A second LAN protocol announcement, in August, would prove even more far reaching. The University of California, Berkeley released version 4.2BSD of the UNIX operating system. This version incorporated the TCP/IP code optimized by Bill Joy under contract from DARPA. Code rewritten with Ethernet in mind. Within eighteen months, over 1,000 licenses had been signed. Companies that licensed 4.2BSD received the source code for TCP/IP. No longer did firms need to start from scratch to create TCP/IP for their products.
Again 3Com had an advantage. They had been shipping TCP products from inception and, although they had decided to stop innovating their TCP bus-based products in favor of EtherSeries, they retained considerable TCP/IP competence and know-how. So much so that a joint development agreement was executed in the fall of 1983 with Bridge Communications. 3Com would OEM their Multibus/TCP product to Bridge for use in a terminal server. Krause remembers:
We licensed Multibus and TCP for their terminal servers. So they became another OEM of ours, and we did some technology sharing.
In the fall of 1983, 3Com executed an OEM agreement with Texas Instruments. Although called an OEM agreement, it was really a sale of 3Com EtherSeries products for Texas Instrument’s internal use. Soon agreements were signed with Entre Computer Centers, Computercraft and even a service agreement with Xerox.6
In October 1983, Businessweek ran a cover story: Personal Computers: and the Winner is IBM.7 The article quoted a respected market analyst, Michele Preston of L.F. Rothschild, Unterberg, Tobin: “The biggest surprise is how quickly, and to what extent, IBM has become so dominant.” Over 150 companies had entered the fast growing market. Sales for personal computers doubled in 1982 to $2.6 billion and were expected to rise to $4.3 billion in 1983. The article claimed IBM was buying enough parts to build 2 million personal computers for the following year.
Clearly the decision by 3Com’s management to focus on personal computer Ethernet LANs and, specifically those for the IBM PC, had turned into more than a hoped for success. Yet the growth in the PC market also brought competition, not only for network adaptors, such as dozens of Ethernet competitors, but also for new ideas as to how to make LAN-connected PCs more functional. The firm that would cause the most trouble for 3Com would be Novell, a company that focused on selling not LAN adapters or servers, but a LAN operating system that made LANs more functional and easier to use. Soon the value of LANs would be more than the cost-savings of sharing printers and disks, but applications like email and network applications.
By November 1983, the success of 3Com’s EtherSeries product family could be read in their financials. Sales for the six months ended November 1983 were $6.2 million, a 234% increase over 1982. Net income leaped to $910 thousand, up from only $72 thousand.
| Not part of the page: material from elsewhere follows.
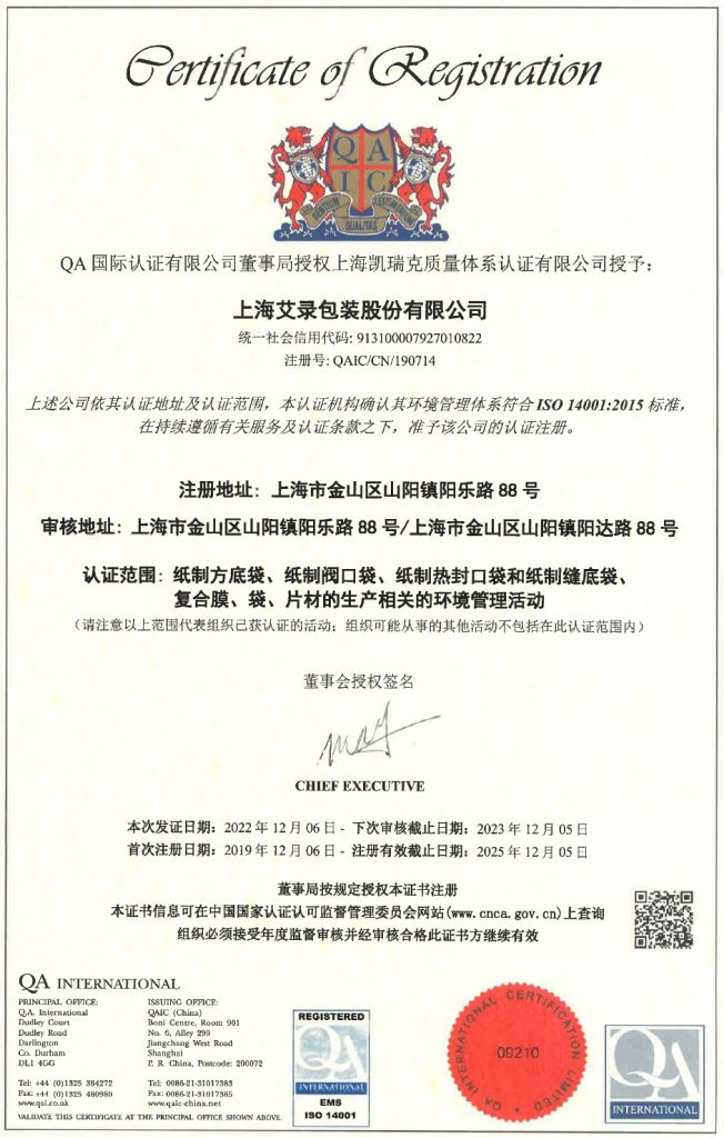 公司是上海市認(rèn)定的科技小巨人、市級企業(yè)技術(shù)中心、上海市高新技術(shù)企業(yè);公司品牌“艾錄包裝”被評定為上海市著名商標(biāo);公司產(chǎn)品食品包裝用牛皮紙袋被認(rèn)定為上海名牌產(chǎn)品;2019年和2020年公司被評為“上海民營制造業(yè)企業(yè)100強(qiáng)”;2018至2021年公司連續(xù)四年進(jìn)入行業(yè)權(quán)威媒體《印刷經(jīng)理人》雜志評選的“中國印刷包裝企業(yè)100強(qiáng)”企業(yè)名單。了解更多
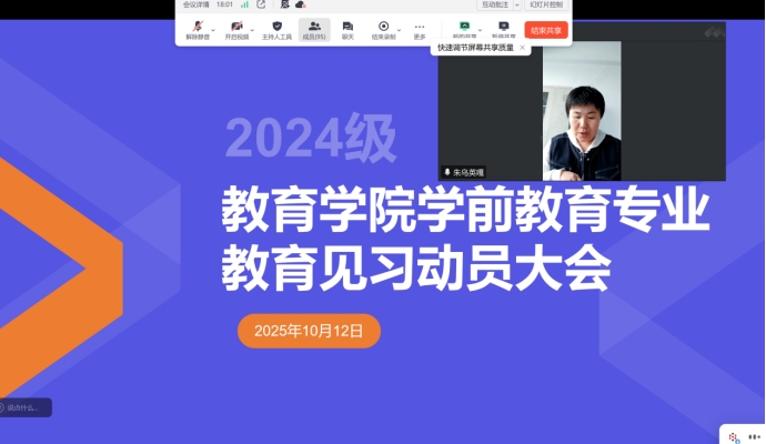 2025年10月12日,學前教育專業線上召開教育見習動員大會。會議由教育學院副院長朱烏英嘎主持,2024級學前教育專業全體學生、班主任及教育見習全體指導教師參與會議。本次大會為2024級學前教育專業學生即將開展的教育見習工作進行了全面動員和部署。

Sales of EtherSeries network adaptors and software accounted for 44% of sales. OEM sales to Sun Microsystems, however, remained a meaningful 12% of sales.
On March 21, 1984, the financial success of 3Com led to their Initial Public Offering (IPO). While not the first of the LAN companies to go public - that honor would go to Ungermann-Bass - 3Com would raise $12.8 million of needed capital with a post-money valuation of $80 million. Their rapid sales growth continued, with sales for the six months November 1984 totaling $22.1 million, a 251% increase over 1983.
3Com invested money raised from their IPO into developing new network adaptor products, a new EtherShare network server based on an IBM PC, and software giving their networks advantages over those supplied by competitors. Their evolving strategy had roots not only in the original vision of Metcalfe and his experiences at Xerox PARC, but also the success of SUN Microsystems, a customer riding the need for high-performance network servers, especially for engineering applications. 3Com followed their lead but focused on personal computer LANs, especially IBM-compatible PC LANs.